No document available.
Abstract :
[en] Despite the explosion of diachronic corpora of English in the last few decades, still not a single corpus exists that covers the entire documented history of English. Although its compilation is generally perceived as most attractive (Rissanen 2000: 13), corpus compilers do not seem to believe in its creation in the near future. This is regrettable, as many linguists dealing with longitudinal developments such as grammaticalization need to cover very long time spans, and are forced to combine several, not necessarily compatible, corpora (e.g. Hilpert 2008, van Linden 2009). Clearly, their results are less reliable than they might be if a single corpus existed (for example, Gries and Hilpert’s data (2008) show a major shift in the collocational profile of shall about 1710; however, this is precisely where one corpus they use ends and a second – rather different one – begins).

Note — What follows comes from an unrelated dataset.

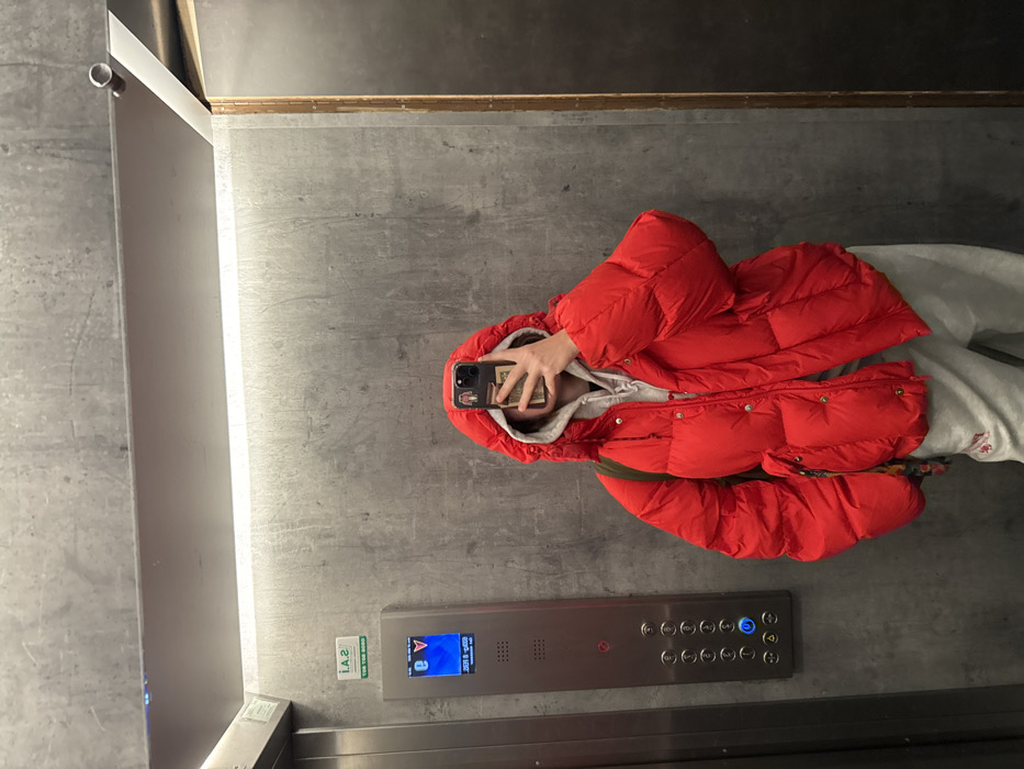 Inside an elevator, a person in a puffy red jacket and gray sweatpants takes a selfie

So I tentatively started compiling a corpus myself, provisionally called LEON (Leuven English Old to New). The basic architecture of LEON comprises a 400,000 word corpus for each HC-period, and after 1710 for the periods 1710-1780, 1780-1850, 1850-1920, 1920-1990 and post-1990. Data available from 1250-1350, a less well represented period, serve as a template on which other subperiods are to be based to acquire best comparability of genre and region. To make up for the lack of some genres (letters, diaries) and social stratification, for each period after 1350 an additional, selfsufficient 600,000 words corpus is envisaged.
While LEON is primarily conceived as a ‘meta-corpus’, mining existing corpora, some additions are envisaged too (e.g. the unedited Statutes Rwl. B.520, dated a1325). LEON does not aim at full comparability (which would be presumptuous), but wants to optimize the usefulness of concepts like ‘equal size of subperiods’ or ‘diachronic text prototype’ (HC). LEON might be, as compared to the present ‘big evil’, a ‘lesser evil’.
References
Gries, Stefan Th. and Martin Hilpert. The identification of stages in diachronic data: variability-based neighbour clustering. Corpora Vol. 3 (1): 59–81.
Hilpert, Martin. 2008. Germanic future constructions A usage-based approach to language change. Amsterdam & Philadelphia: John Benjamins.
Los, Bettelou. 2005. The rise of the to-infinitive. Oxford: Oxford University Press.
Rissanen, Matti & Merja Kytö. 1993. General introduction. In Rissanen, Matti, Merja Kytö & Minna Palander-Collin, eds. 1993. Early English in the computer age: Explorations through the Helsinki Corpus. Berlin: Mouton de Gruyter. 1-17.
Rissanen, Matti. 2000. The world of English historical corpora: From Cædmon to computer age. Journal of English Linguistics 28: 7-20.
van Linden, An. 2009. Dynamic, deontic and evaluative adjectives and their clausal complement patterns: A synchronic-diachronic account. PhD dissertation, University of Leuven.